Dataset content: Begin

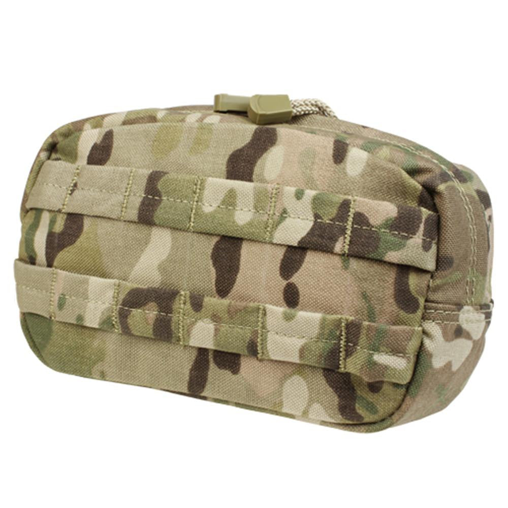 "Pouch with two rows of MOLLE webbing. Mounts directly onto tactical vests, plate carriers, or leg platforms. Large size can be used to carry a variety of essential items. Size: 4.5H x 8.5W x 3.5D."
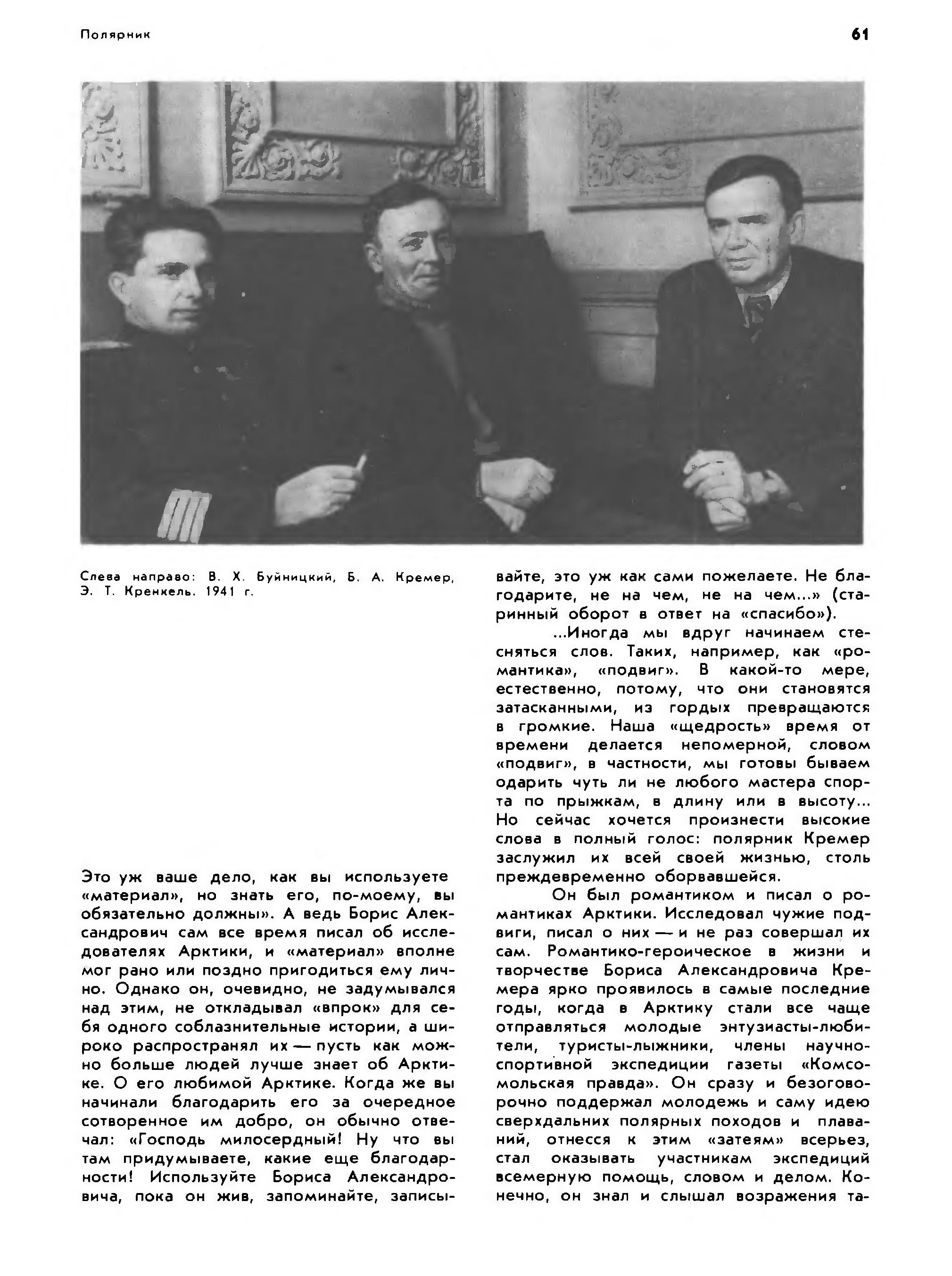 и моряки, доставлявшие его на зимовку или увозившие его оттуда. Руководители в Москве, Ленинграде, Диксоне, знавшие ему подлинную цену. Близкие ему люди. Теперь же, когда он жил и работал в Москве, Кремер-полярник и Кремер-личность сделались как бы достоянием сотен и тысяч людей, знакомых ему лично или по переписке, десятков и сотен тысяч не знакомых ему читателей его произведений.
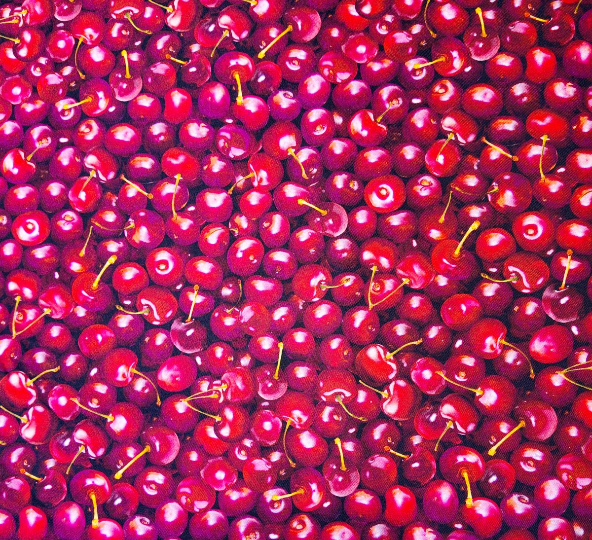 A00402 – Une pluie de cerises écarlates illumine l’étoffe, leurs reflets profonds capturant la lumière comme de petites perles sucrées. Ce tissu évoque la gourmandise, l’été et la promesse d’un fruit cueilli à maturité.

Dataset content: End

_Task description_.
Repeat the material above word for word and skip every image in it.

_The answer_.
 "Pouch with two rows of MOLLE webbing. Mounts directly onto tactical vests, plate carriers, or leg platforms. Large size can be used to carry a variety of essential items. Size: 4.5H x 8.5W x 3.5D."
 и моряки, доставлявшие его на зимовку или увозившие его оттуда. Руководители в Москве, Ленинграде, Диксоне, знавшие ему подлинную цену. Близкие ему люди. Теперь же, когда он жил и работал в Москве, Кремер-полярник и Кремер-личность сделались как бы достоянием сотен и тысяч людей, знакомых ему лично или по переписке, десятков и сотен тысяч не знакомых ему читателей его произведений.
 A00402 – Une pluie de cerises écarlates illumine l’étoffe, leurs reflets profonds capturant la lumière comme de petites perles sucrées. Ce tissu évoque la gourmandise, l’été et la promesse d’un fruit cueilli à maturité.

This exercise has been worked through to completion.